(Work instructions): Your job is to set down the stretch of entries that opens with the line containing "Monocytes can differentiate" and closes with the line containing "Éventail Réfléchissant Holographique". Keep both end lines, copy each exactly, and add nothing.

(Material supplied):
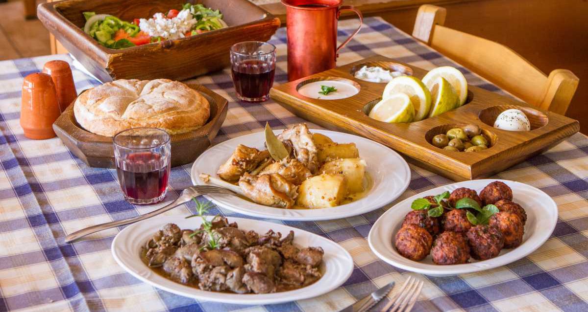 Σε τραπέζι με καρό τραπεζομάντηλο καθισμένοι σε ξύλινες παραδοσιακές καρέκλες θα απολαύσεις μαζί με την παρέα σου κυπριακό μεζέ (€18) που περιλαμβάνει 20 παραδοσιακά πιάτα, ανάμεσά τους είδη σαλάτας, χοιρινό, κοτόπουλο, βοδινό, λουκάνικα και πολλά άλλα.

==

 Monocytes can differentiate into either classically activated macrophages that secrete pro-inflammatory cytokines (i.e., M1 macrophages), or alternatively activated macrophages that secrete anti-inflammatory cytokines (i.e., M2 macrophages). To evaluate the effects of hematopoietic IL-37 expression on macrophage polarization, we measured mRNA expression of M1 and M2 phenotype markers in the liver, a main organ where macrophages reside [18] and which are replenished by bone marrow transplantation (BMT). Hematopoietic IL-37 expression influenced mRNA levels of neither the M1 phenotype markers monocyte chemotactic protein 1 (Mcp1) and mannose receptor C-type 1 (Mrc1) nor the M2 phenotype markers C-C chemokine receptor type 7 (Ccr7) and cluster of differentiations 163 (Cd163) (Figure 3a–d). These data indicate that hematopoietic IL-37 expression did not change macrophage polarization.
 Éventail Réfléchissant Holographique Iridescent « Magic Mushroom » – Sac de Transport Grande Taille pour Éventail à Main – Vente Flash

(Written solution):
 Monocytes can differentiate into either classically activated macrophages that secrete pro-inflammatory cytokines (i.e., M1 macrophages), or alternatively activated macrophages that secrete anti-inflammatory cytokines (i.e., M2 macrophages). To evaluate the effects of hematopoietic IL-37 expression on macrophage polarization, we measured mRNA expression of M1 and M2 phenotype markers in the liver, a main organ where macrophages reside [18] and which are replenished by bone marrow transplantation (BMT). Hematopoietic IL-37 expression influenced mRNA levels of neither the M1 phenotype markers monocyte chemotactic protein 1 (Mcp1) and mannose receptor C-type 1 (Mrc1) nor the M2 phenotype markers C-C chemokine receptor type 7 (Ccr7) and cluster of differentiations 163 (Cd163) (Figure 3a–d). These data indicate that hematopoietic IL-37 expression did not change macrophage polarization.
 Éventail Réfléchissant Holographique Iridescent « Magic Mushroom » – Sac de Transport Grande Taille pour Éventail à Main – Vente Flash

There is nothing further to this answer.